I'm always stunned by these sorts of stories. Was the opinion that the scale of code was, low, high, or appropriate given the problems being tackled?

cryptonector · on May 1, 2019

I've a similar story or three of finance companies that in just ten years produced enormous amounts of legacy code. It's really not that hard. Solaris was enormous too, with just 2k devs for all the time I was there, and about 30-40 years of history, depending on how you count it. If your 1k developers each write 10Kloc/year on average, then after a decade you can expect to have 10Mloc, but since a lot of code will be forked external open source (or even not forked, but just imported to freeze at a particular version, or for some other reason) you might find your devs building and looking after many tens more Mloc than that. If you hire lots of 5x and 10x engineers, that too leads to a sizeable increment.

There are many many companies out there that have huge megarepos.

bryanrasmussen · on May 1, 2019

Ok but, what's the byte size of 10MLoc, and how many process executions per build - since these were actually the metrics used.
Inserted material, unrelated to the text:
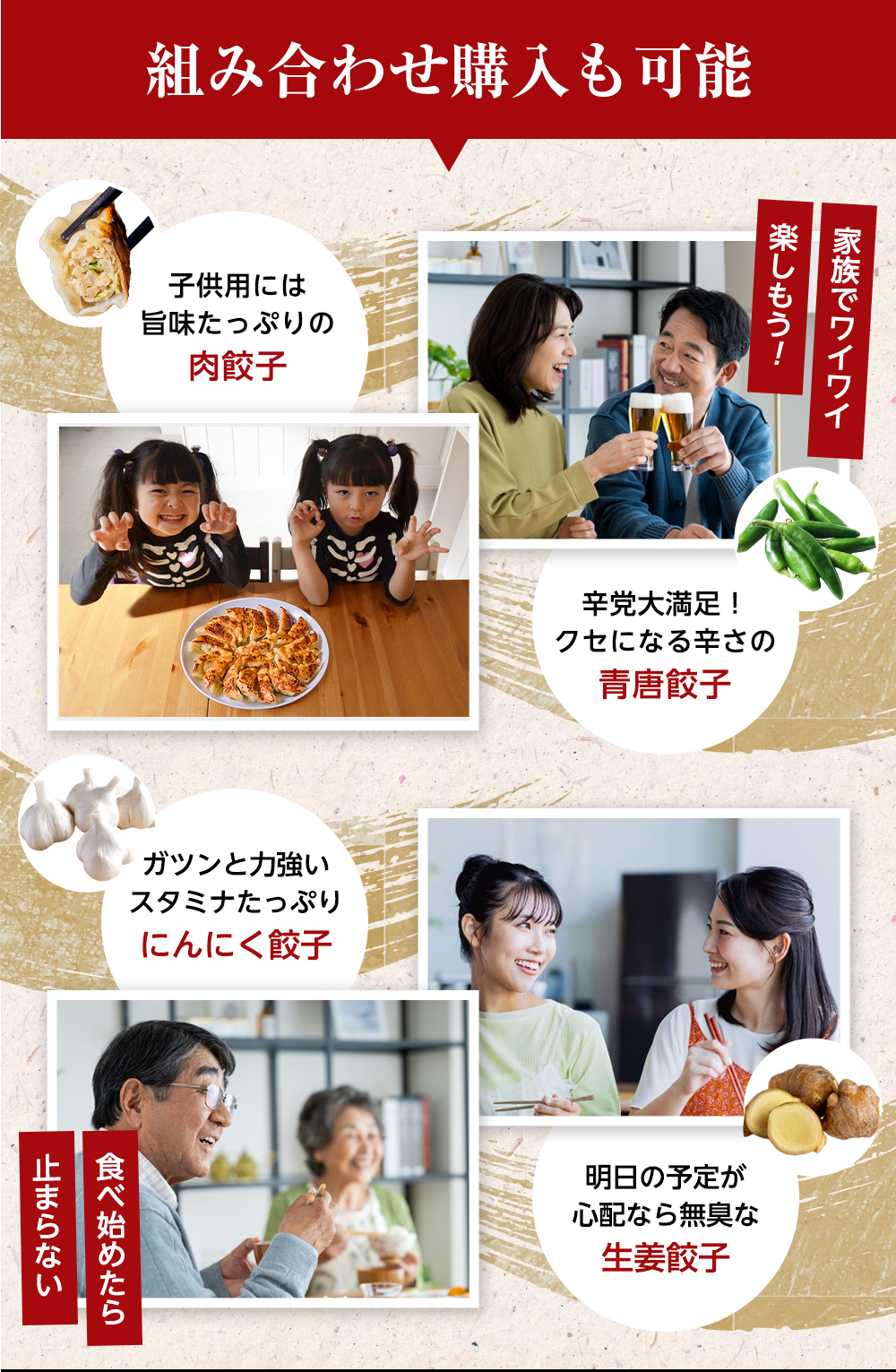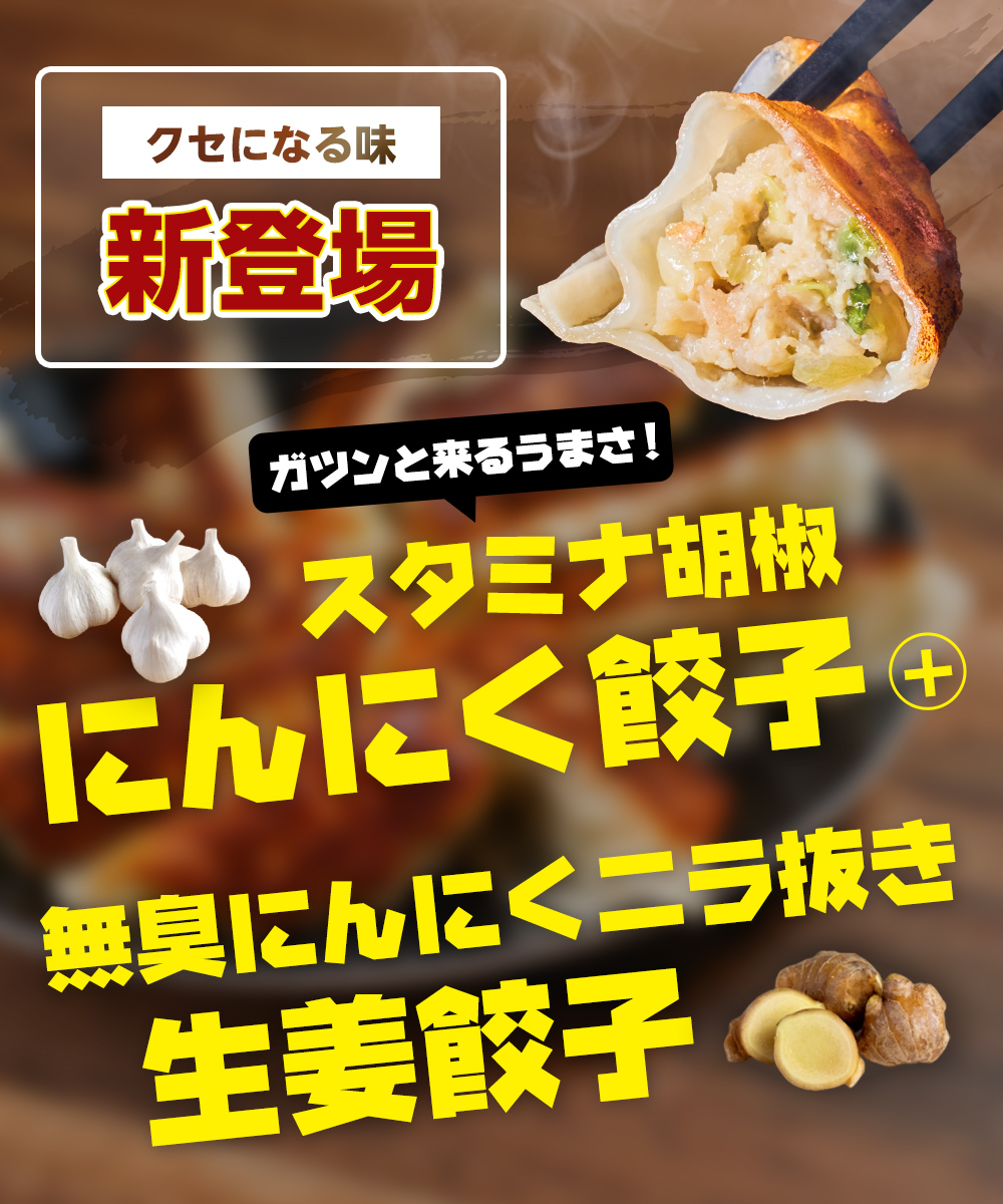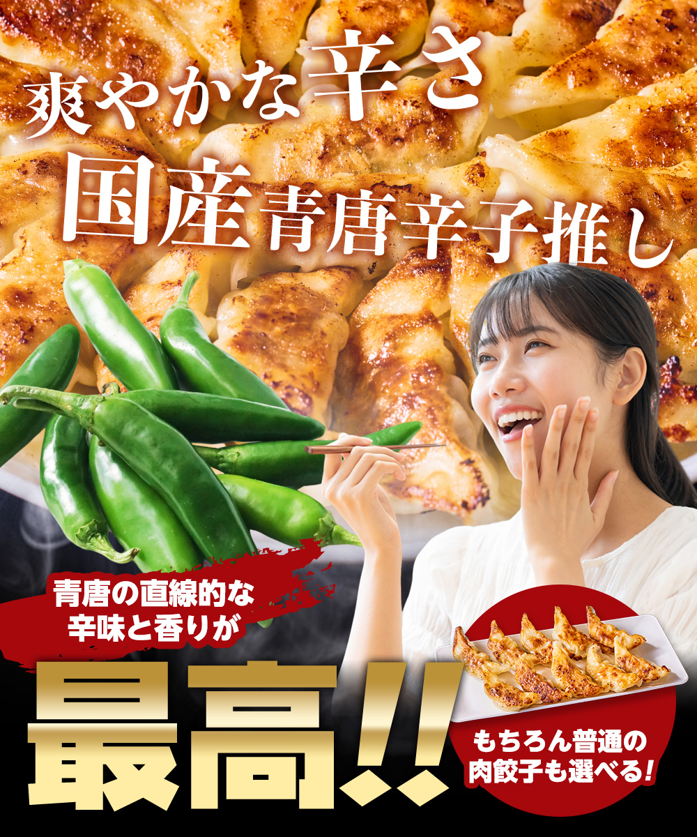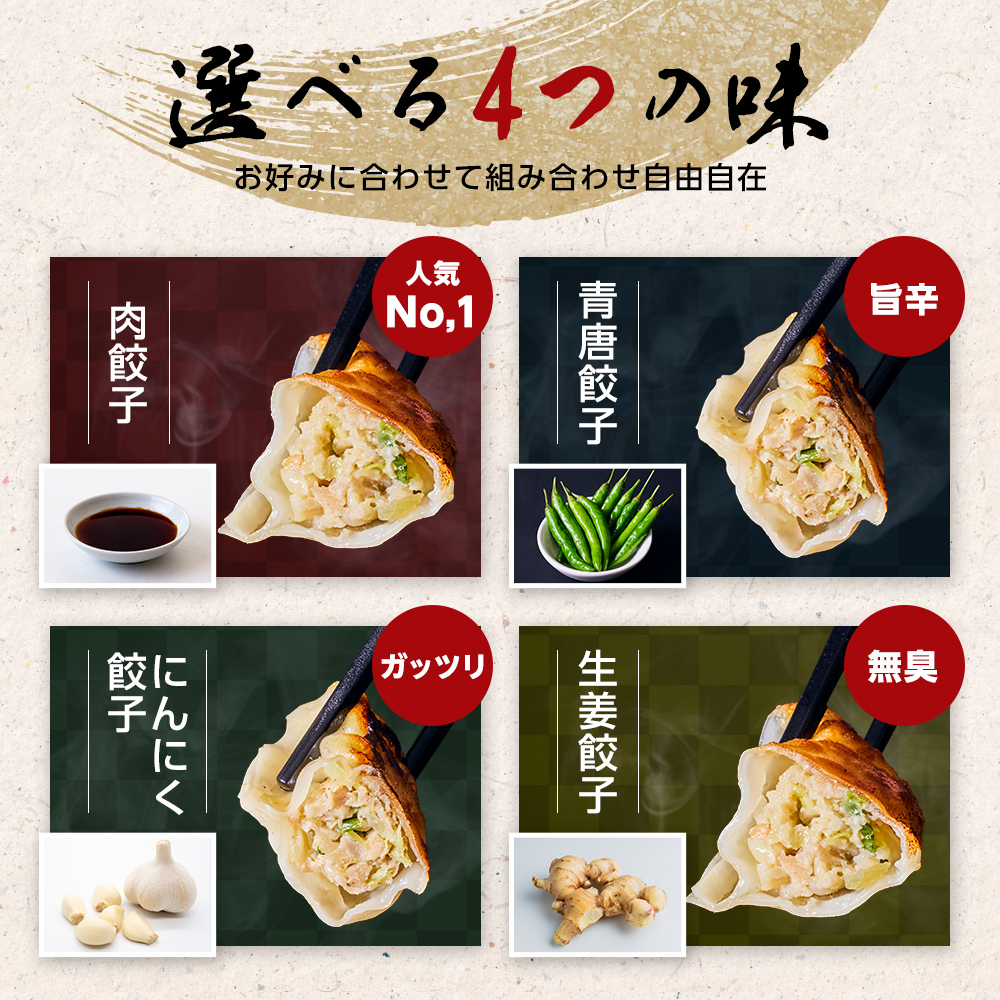 ★味は4種!定番の「肉餃子」、しっかり辛い「青唐餃子」、スタミナ重視「にんにく餃子」、さっぱりの「生姜餃子」

My experience is that lines of code don't actually take up that much space.

hermitdev · on May 2, 2019

Depends largely on how the code is structured with C++.

There's the number of compilation units within a lib vs overall. Typically you can parallelize within a module, but not externally unless you have some smarts.

Edit: I use module in this sense as a producible result, not the future language concept of modules.

hermitdev · on May 2, 2019

In my experience, it felt appropriate.

We (the developers) were tasked with enormous responsibilities. I was back office, but responsible for managing a client/server for all non security reference data. There were easily over 200 data objects modelled. No direct DB access was allowed except for the owning service. Although it ended up around 3M LOC, it wasnt as bad as it seems, because only about 10% was manually written code. A lot was generated C++ (and aside: I was able to write a C++ wrapper around a generic API that exposed some 300 types through a home grown reflection esque API amd the Python wrapper never had to be updated necause it could use this reflection and run time cose generation to generate a strongly typed API at runtime; to my knowledge, the Python code has remained unchanged since about 2006 despite the underlying C++ API changing constantly, when I first wrote it - I get occasional updates from former coworkers).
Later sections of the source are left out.